" So Cimmaron is free in a minute.
"'But thar's Glidden's store! Thar's nobody to claim it; thar bein'
no fam'ly to Glidden nohow; not even a hired man.
"'"Which, as it seems to be a case open to doubt," observes this
yere Cimmaron, "I nacherally takes this Glidden party's store an'
deals his game myse'f."
"'It ain't much of a store; an' bein' as the rest of us is havin'
all we-alls can ride herd on for ourse'fs, no gent makes objections,
an' Cimmaron turns himse'f loose in Glidden's store, an' begins to
sell things a whole lot. He's shorely doin' well, I reckons, when
mebby it's a week later he comes chargin' over to a passel of us an'
allows he wants the committee to settle some trouble which has cut
his trail.
"'"It's about the debts of this yere Glidden, deceased," says
Cimmaron. "I succeeds to the business of course; which it's little
enough for departed ropin' my pony that time.
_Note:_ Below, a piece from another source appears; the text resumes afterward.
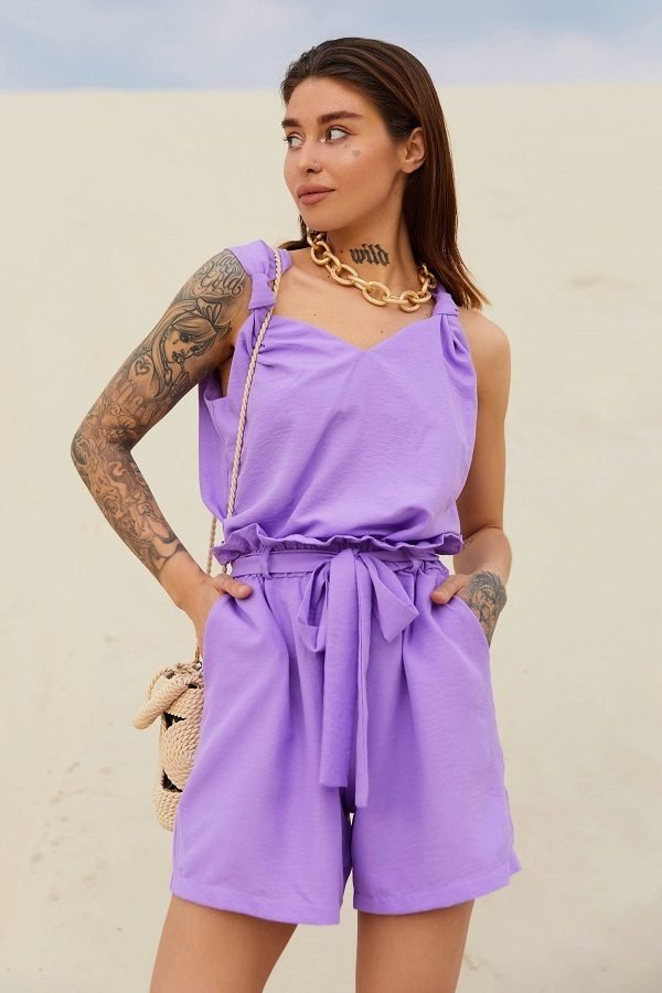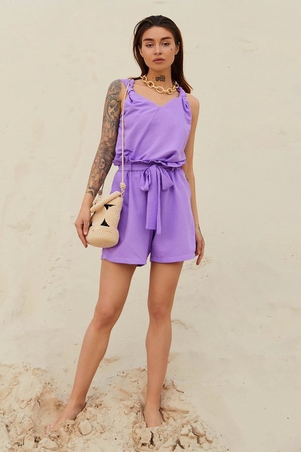 Трендом лета 2021 уже стали костюмы из лёгкого американского крепа. Топ на бретелях в виде декоративных узлов придадут образу стиля. Свободный силуэт топа придаст движениях свободы и раскованности. V-образный вырез позволит подернуть линию декольте. Шорты на высокой посадке свободного силуэта прибавят трендовости.

But you-alls can
gamble I ain't goin' 'way back on this yere dead person's trail, an'
settle all his gray an' hoary indebtnesses. Would it be right,
gents? I puts it to you-alls on the squar'; do I immerse myse'f, I'd
like for to be told, in deceased's liabilities merely for resentin'
of his wrongs ag'in me with my gun? If a gent can go blindly
shootin' himse'f into bankruptcy that a-way, the American gov'ment
is a rank loser, an' the State of Texas is plumb played out.